So... the Spengler Cup is being played right now in Switzerland. It's basically a club-invite hockey tournament; the oldest in the world. Generally, it's European hockey clubs, plus a 'Team Canada' in the tourney. Here's the kicker. Because of the lockout, Hockey Canada wants to be able to field a team of non-NHL players in the 2006 Olympics, so the Spengler Cup is a test-bed for a non-NHL team.
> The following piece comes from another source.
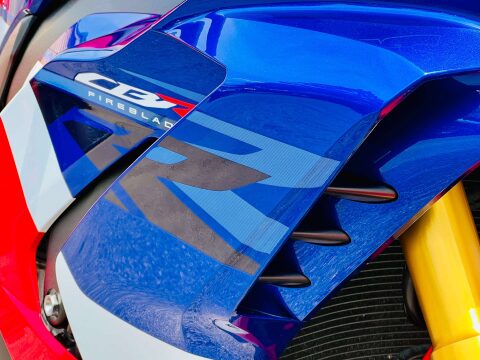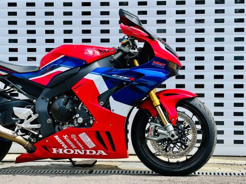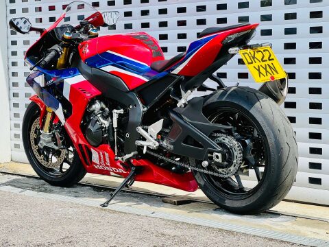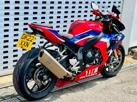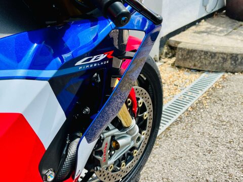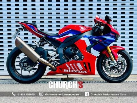 A LOVELY HONDA FIREBLADE CBR1000RR-R SP IN THE VIBRANT RED/WHITE/BLUE COLOURS. THIS EXAMPLE IS STANDARD APART FROM A TAIL TIDY. 2 SERVICE STAMPS IN THE BOOK AND ONE DUE TO BE DONE PRIOR TO SALE. Blending cutting-edge technology with incredible performance. Powered by a 999cc inline four-cylinder engine delivering a staggering 214 HP at 14,500 RPM, it features; AKRAPOVIC Titanium Exhaust Silencer, throttle-by-wire system, dual-stage fuel injection, and a high 13.4:1 compression ratio for unmatched precision and power delivery. Its aluminum twin-spar frame ensures high-speed stability, while Öhlins NPX Smart EC 2.0 front forks and a TTX36 Smart EC rear shock provide electronically adjustable damping for supreme handling. Brembo Stylema front calipers with dual 330mm discs and a rear Brembo caliper on a 220mm disc, supported by ABS with track and street modes. The 6-axis IMU enables Honda Selectable Torque Control, cornering ABS, wheelie control, and engine braking control, Quickshifter with auto-blipper and multiple riding modes. Aerodynamic winglets integrated, 17” aluminum, full-color TFT display, LED lighting, keyless ignition. Will come serviced (now done), new rear tyre and MOT'd prior to collection. This bike has lowering links available but the originals are now fitted unless it appeals to new owner with shorter leg length. ++ WE WILL CONSIDER ANY PART EXCHANGE UP OR DOWN CAR OR BIKE AND CAN OFFER COMPETITIVE LOW DEPOSIT FINANCE WITH PCP OPTIONS. ++UK DELIVERY OPTIONS AT REASONABLE RATES ++

The other clubs, however, have no such restriction.
On a related note, kudos to Team Canada (where the player closest to the NHL is Alex Auld, and the team includes erstwhile Oilers fourth-liner Domenic Pittis), for being 2-0 so far, and beating, today, the host HC Davos team which includes Bruins superstar Joe Thornton, league leading scorer Rick Nash and Hart and Art Ross winner Martin St. Louis.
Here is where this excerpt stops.